With the pictures left out, please write out exactly each line from the one containing "The switchback in" through the end of the material.

§ INFORMATION SHOWN:

-- Opening Marker --

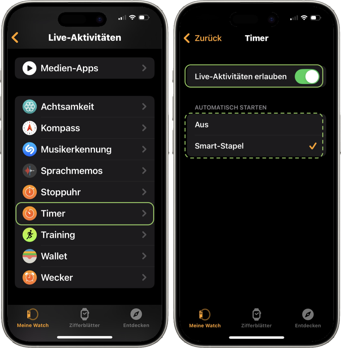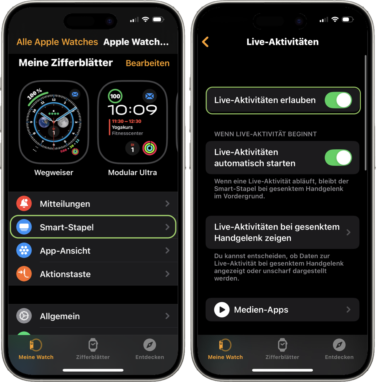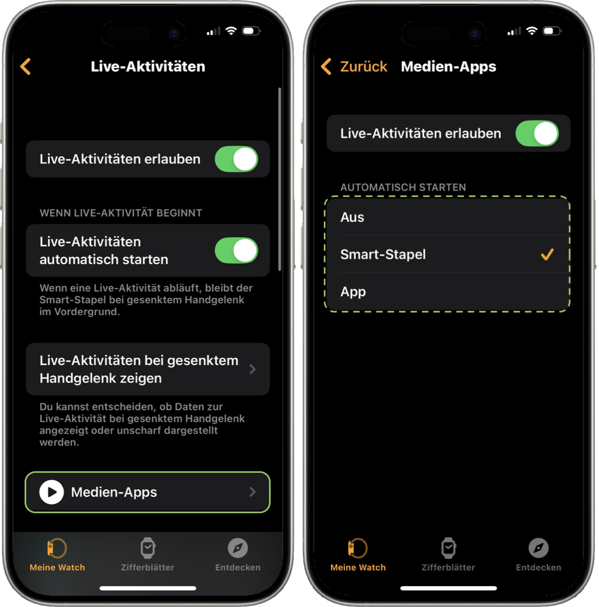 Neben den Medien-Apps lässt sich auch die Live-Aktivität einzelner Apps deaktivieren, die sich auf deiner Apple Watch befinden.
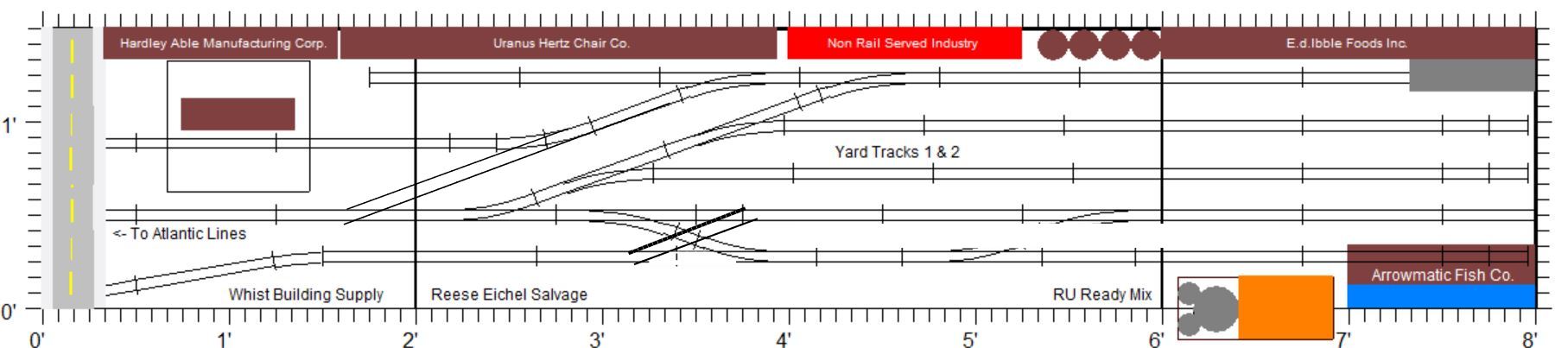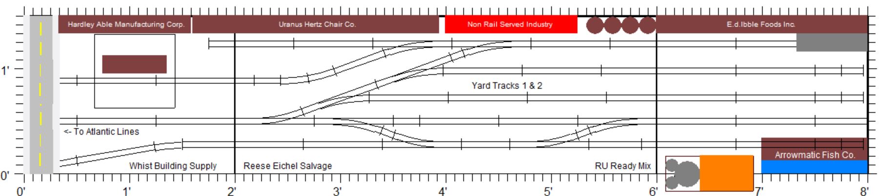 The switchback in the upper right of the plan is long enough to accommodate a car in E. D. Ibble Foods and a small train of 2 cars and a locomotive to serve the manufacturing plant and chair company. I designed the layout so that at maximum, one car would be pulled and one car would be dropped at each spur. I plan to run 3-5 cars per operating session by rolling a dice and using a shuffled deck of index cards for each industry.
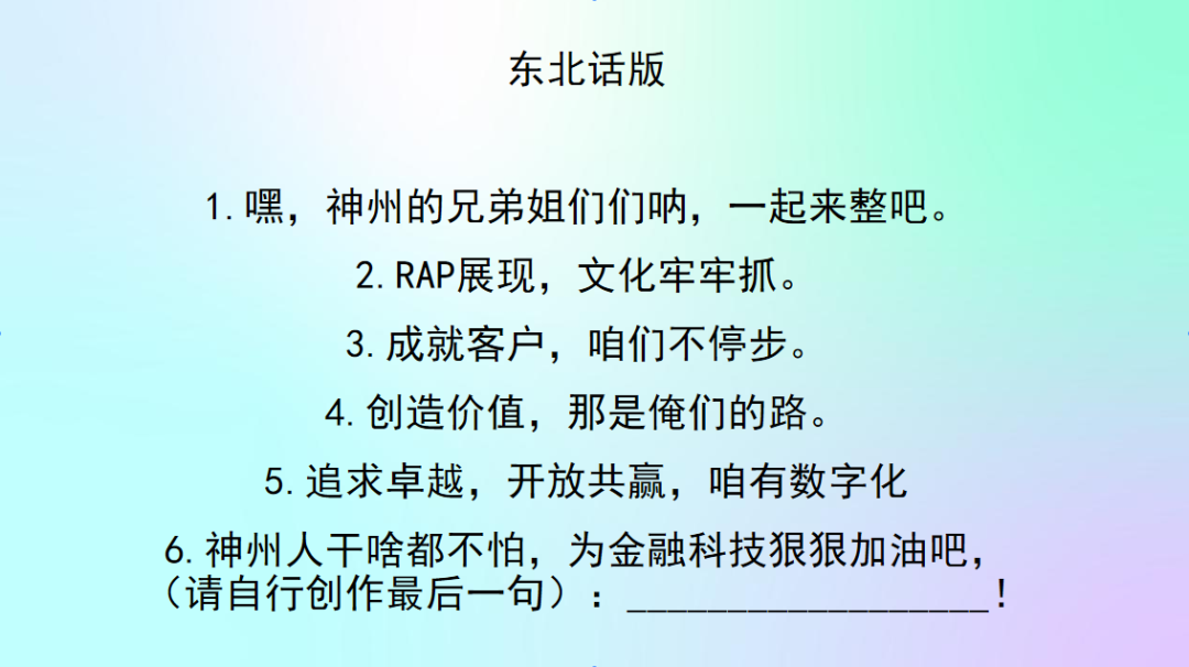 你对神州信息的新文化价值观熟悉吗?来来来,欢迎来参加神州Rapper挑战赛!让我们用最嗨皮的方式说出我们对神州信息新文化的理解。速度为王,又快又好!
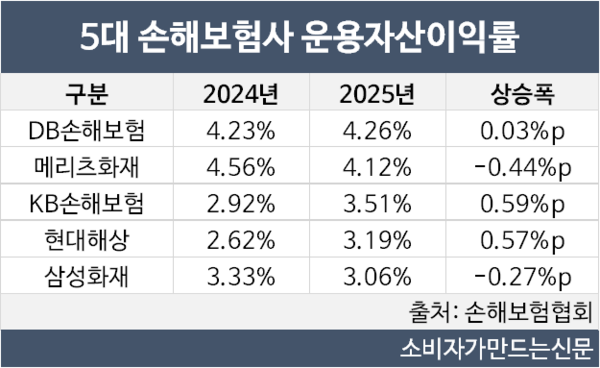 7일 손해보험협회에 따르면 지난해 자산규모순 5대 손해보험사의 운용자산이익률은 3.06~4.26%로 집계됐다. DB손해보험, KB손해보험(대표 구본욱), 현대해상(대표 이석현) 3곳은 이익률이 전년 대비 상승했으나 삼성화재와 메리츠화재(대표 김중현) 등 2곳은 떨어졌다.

-- Closing Marker --

§ RESULT:
 The switchback in the upper right of the plan is long enough to accommodate a car in E. D. Ibble Foods and a small train of 2 cars and a locomotive to serve the manufacturing plant and chair company. I designed the layout so that at maximum, one car would be pulled and one car would be dropped at each spur. I plan to run 3-5 cars per operating session by rolling a dice and using a shuffled deck of index cards for each industry.
 你对神州信息的新文化价值观熟悉吗?来来来,欢迎来参加神州Rapper挑战赛!让我们用最嗨皮的方式说出我们对神州信息新文化的理解。速度为王,又快又好!
 7일 손해보험협회에 따르면 지난해 자산규모순 5대 손해보험사의 운용자산이익률은 3.06~4.26%로 집계됐다. DB손해보험, KB손해보험(대표 구본욱), 현대해상(대표 이석현) 3곳은 이익률이 전년 대비 상승했으나 삼성화재와 메리츠화재(대표 김중현) 등 2곳은 떨어졌다.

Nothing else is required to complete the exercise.